31:38 Judging from the tests we wrote, we already have a working app. But we're missing one step: we have to implement the view model in the view controller. To do this, we create an instance of our view model:

class MyViewController: UIViewController {
    let vm: MyViewModelType = MyViewModel()

    // ...
}

32:22 Now we can use the view model's inputs and outputs in the view controller's methods. The view model's interface is so concise that it's immediately obvious how we should use it. We start with the inputs:

override func viewDidLoad() {
    super.viewDidLoad()

    // ...

    self.vm.inputs.viewDidLoad()
}

func submitButtonPressed() {
    self.vm.inputs.submitButtonPressed()
}

func emailChanged() {
    self.vm.inputs.emailChanged(email: self.emailTextField.text)
}

func nameChanged() {
    self.vm.inputs.nameChanged(name: self.nameTextField.text)
}

func passwordChanged() {
    self.vm.inputs.passwordChanged(password: self.passwordTextField.text)
}

34:14 And we finish by using the view model's two outputs.

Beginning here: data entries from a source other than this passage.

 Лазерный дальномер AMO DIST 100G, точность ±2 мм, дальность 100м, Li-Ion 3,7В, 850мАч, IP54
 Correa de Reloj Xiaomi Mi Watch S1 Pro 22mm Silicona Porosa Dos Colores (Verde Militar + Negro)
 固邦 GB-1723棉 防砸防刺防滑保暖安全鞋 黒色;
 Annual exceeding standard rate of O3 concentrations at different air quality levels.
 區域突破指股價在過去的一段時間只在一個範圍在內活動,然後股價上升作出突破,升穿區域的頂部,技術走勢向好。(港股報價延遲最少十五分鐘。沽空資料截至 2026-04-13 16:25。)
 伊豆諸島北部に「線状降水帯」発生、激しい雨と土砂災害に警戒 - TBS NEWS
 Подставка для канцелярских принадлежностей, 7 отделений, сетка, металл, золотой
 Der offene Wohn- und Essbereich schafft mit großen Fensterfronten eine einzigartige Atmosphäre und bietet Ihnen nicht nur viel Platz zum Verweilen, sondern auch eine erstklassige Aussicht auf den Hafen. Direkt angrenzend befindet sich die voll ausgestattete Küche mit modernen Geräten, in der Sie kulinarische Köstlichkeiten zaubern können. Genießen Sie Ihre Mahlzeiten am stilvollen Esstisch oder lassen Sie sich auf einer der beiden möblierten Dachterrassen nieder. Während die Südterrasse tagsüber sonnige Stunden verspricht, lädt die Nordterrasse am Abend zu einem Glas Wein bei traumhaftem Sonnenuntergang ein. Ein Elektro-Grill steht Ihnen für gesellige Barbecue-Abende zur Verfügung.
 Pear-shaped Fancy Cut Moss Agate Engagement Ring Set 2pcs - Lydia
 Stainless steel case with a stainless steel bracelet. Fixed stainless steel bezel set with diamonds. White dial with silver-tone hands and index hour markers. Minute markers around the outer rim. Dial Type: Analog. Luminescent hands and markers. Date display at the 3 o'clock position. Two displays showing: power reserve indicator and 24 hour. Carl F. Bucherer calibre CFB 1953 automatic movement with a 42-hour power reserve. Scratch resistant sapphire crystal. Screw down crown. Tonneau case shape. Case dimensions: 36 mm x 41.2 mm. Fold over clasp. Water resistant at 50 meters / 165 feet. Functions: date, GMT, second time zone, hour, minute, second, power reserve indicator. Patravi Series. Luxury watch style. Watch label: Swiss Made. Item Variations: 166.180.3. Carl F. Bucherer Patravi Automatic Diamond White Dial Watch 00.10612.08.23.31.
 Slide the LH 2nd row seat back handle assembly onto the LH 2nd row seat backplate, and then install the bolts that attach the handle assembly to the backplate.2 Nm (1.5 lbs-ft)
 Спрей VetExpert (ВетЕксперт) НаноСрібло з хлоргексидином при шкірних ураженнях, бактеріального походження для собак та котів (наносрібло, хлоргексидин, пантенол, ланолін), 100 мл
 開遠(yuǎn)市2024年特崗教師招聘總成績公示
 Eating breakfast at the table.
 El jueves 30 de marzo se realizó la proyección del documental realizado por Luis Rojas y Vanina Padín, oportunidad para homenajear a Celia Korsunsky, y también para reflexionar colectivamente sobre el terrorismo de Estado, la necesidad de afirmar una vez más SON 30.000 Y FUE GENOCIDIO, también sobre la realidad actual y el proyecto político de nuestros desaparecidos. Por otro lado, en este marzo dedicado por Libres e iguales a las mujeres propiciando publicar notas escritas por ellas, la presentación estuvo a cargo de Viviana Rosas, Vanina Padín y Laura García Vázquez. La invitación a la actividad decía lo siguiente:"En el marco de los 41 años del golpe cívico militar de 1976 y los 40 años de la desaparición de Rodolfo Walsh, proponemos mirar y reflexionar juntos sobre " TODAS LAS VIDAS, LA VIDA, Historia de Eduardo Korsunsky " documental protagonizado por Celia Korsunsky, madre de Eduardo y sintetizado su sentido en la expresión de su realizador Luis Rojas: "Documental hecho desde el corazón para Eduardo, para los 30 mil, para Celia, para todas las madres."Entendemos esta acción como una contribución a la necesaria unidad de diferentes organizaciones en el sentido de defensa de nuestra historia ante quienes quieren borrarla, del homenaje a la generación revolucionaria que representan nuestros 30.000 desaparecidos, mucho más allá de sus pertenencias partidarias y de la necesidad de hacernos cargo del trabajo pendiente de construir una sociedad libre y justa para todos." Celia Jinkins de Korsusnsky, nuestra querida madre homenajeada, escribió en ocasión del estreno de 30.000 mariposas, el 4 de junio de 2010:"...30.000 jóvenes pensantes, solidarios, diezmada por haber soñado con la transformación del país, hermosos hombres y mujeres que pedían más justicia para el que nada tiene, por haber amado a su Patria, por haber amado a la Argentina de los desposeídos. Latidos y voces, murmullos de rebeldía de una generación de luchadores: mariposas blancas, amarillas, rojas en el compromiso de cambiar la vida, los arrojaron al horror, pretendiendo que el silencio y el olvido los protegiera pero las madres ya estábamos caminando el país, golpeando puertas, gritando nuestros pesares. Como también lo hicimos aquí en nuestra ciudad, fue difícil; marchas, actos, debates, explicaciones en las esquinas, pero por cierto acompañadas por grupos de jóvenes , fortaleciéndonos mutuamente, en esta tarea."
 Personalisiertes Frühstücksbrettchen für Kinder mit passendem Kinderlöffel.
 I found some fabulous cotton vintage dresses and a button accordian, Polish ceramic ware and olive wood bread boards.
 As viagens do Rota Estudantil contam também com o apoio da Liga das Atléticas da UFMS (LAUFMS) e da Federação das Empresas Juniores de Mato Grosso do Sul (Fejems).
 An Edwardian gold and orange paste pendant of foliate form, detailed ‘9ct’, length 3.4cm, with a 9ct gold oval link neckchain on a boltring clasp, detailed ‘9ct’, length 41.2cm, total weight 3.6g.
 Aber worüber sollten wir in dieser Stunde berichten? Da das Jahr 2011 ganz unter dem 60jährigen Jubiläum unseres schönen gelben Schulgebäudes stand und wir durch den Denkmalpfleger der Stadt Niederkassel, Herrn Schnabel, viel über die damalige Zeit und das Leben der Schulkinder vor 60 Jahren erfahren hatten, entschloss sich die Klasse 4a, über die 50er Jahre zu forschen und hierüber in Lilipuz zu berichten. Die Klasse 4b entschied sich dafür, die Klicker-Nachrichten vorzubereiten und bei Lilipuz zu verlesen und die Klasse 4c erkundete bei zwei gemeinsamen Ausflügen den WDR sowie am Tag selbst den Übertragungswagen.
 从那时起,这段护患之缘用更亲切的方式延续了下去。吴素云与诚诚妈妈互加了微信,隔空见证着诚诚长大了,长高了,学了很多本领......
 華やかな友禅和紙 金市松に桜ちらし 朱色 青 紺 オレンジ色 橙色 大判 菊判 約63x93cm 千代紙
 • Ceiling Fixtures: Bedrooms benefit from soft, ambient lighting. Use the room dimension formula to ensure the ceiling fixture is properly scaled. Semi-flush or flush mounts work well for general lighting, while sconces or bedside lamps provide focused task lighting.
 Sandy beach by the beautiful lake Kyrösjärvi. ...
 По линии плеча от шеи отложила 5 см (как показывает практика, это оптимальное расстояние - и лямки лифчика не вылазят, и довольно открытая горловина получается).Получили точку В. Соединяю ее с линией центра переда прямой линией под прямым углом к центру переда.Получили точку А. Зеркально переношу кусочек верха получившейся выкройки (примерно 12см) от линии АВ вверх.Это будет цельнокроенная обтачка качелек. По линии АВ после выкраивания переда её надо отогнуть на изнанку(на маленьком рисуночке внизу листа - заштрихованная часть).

We observe the output signals on a UIScheduler, which makes sure all work is performed on the main queue. With observeValues, we specify a closure that receives new values from the signal and uses them to update the interface:

override func viewDidLoad() {
    super.viewDidLoad()

    // ...

    self.vm.outputs.alertMessage
        .observe(on: UIScheduler())
        .observeValues { [weak self] message in
            let alert = UIAlertController(title: nil,
                                          message: message,
                                          preferredStyle: .alert)
            alert.addAction(.init(title: "OK", style: .default, handler: nil))
            self?.present(alert, animated: true, completion: nil)
    }

    self.vm.outputs.submitButtonEnabled
        .observe(on: UIScheduler())
        .observeValues { [weak self] enabled in self?.submitButton.isEnabled = enabled }

    // ...
}

Running the App

36:24 We can finally run our app and see how it works in an interactive Playground tab. We enter form data and get a successful signup. If we enter an invalid email address and submit, we get the unsuccessful message, and when repeatedly pressing the submit button, the form gets disabled and stays that way. Great!

37:50 It's impressive how we could write the whole test suite before writing the logic or even looking at or touching the interface.

38:17 Throughout Kickstarter's codebase, we've seen the same pattern of separating inputs and outputs, writing clear tests, and combining signals. Once you have a basic knowledge of how this works, the code becomes very easy to understand.